As the Dean of the Graduate School of Mathematical Sciences of the University of Tokyo, I would address a few words at the beginning of the memorial reception for Professor Shoshichi Kobayashi.
First of all, I thank very much those who gave lectures and those who participated in the memorial symposium.
I think it was really successful with your participation and it will be remembered as a really interesting symposium.
As I told in my address at the memorial symposium,
Professor Shoshichi Kobayashi graduated the Department of Mathematics of the Faculty of Science of the University of Tokyo
and so he is our aluminus member.
After entering the Graduate School, his went to France and then to the United States and settled at Berkeley in 1962
and he stayed there always as the leader of mathematics especially of geometry.
Though he worked mainly in abroad, he made a lot of contribution to the mathematical community of Japan.
Many Japanese mathematicians, old and young, visited Berkeley, and every time they were warmly hosted by Professor Shoshichi Kobayashi and his family.
He came to Japan from time to time and he visited many universities in Japan and gave the lectures which showed us the good mathematics.
He also wrote many books in Japanese which attract many people to the world of mathematics.
For many Japanese students and young researchers, Professor Kobayashi showed what to do to become world class mathematicians.
For all these things Professor Kobayashi did, we are really grateful to him.

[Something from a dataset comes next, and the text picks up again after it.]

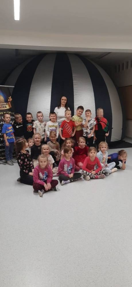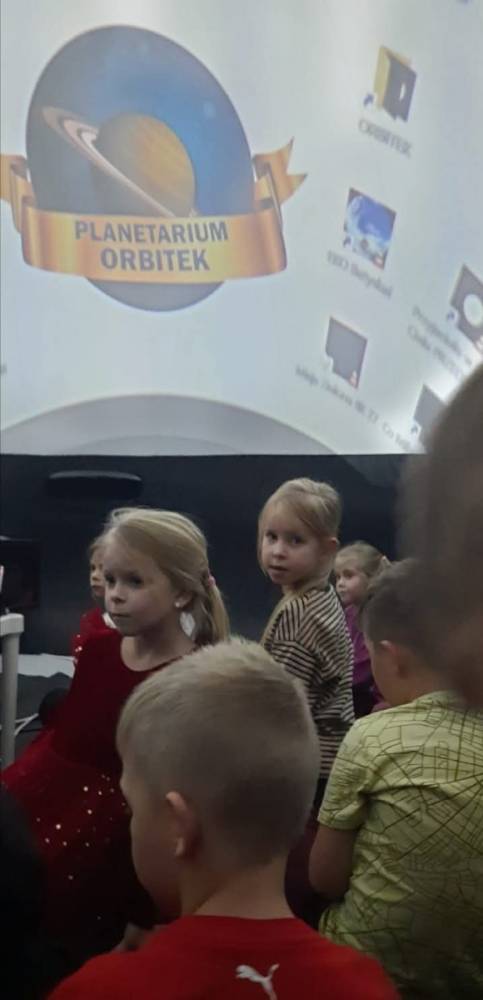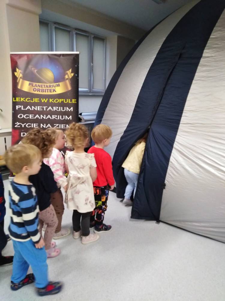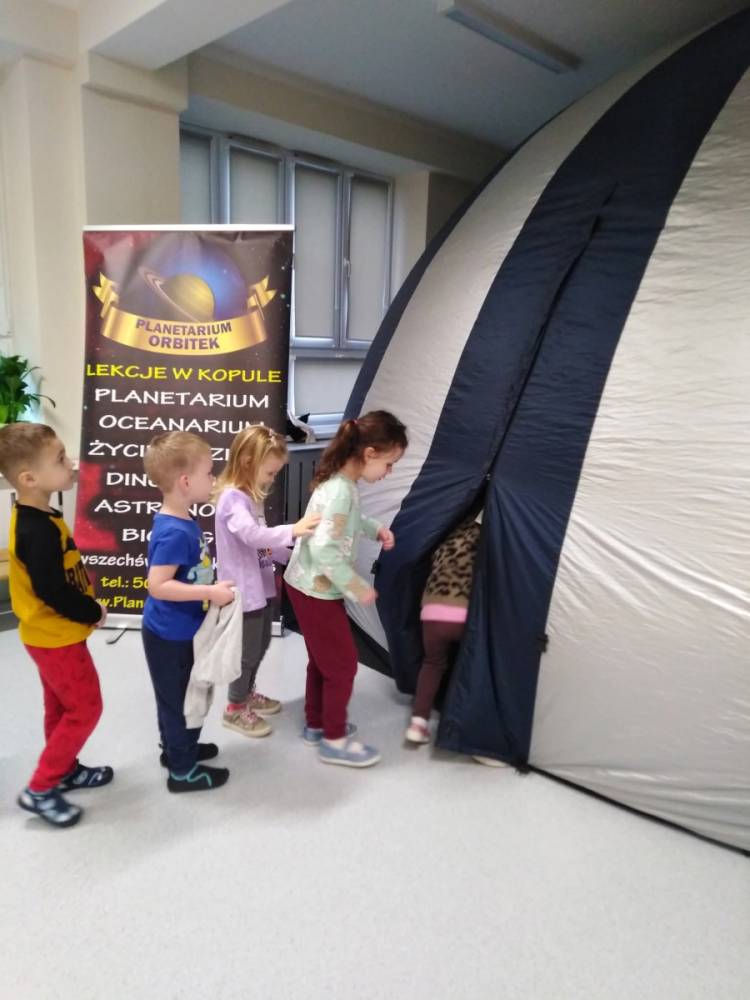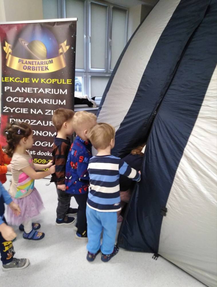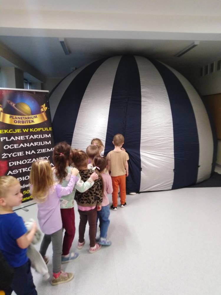 W naszym przedszkolu odbył się pokaz mobilnego planetarium „Orbitek”. Dzieci uczestniczyły w interaktywnym seansie „Ochrona środowiska - Misja Zielone”, podczas którego pomagały kosmicznym przyjaciołom uratować ich las.

At the memorial symposium,
I also talked about the important contribution of Professor Shoshichi Kobayashi to our Graduate School
at the occasion of the external evaluation of in 1994.
Our Graduate School of Mathematical Sciences was established in 1992, uniting two Departments of Mathematics, one in the Faculty of Science,
and the other in the College of General Education.
In 1994, this building of the Graduate School of Mathematical Sciences was under construction.
This Common Room of the Graduate School was already in the floor plan of the building when we began planning our future building in 1992.
The members who stayed in Princeton or in Berkeley or in other departments of mathematics in abroad,
knew that it is important for the mathematical community to have such a common room, where people exchange the mathematical ideas.
At that time, however, the people in the administration did not understand the necessity of the Common Room which is not a lecture room nor a laboratory.
Then we need to provide them the evidence to support the necessity of the Common Room.
Professor Shoshichi Kobayashi supported us at this point as well.
In some sense, I feel from this Common Room the mathematical legacy of Professor Shoshichi Kobayashi.
For this memorial reception for Professor Shoshichi Kobayashi, his family members as well as his old friends kindly join us from a long distance.
I thank them very much.
So we are gifted in this evening, in the sense that we can talk together not only on mathematics but also on several topics in the life,
always with deep appreciation to Professor Shoshichi Kobayashi.
I hope all of you to enjoy this atmosphere of the Common Room during the reception.
Thank you very much for your attention.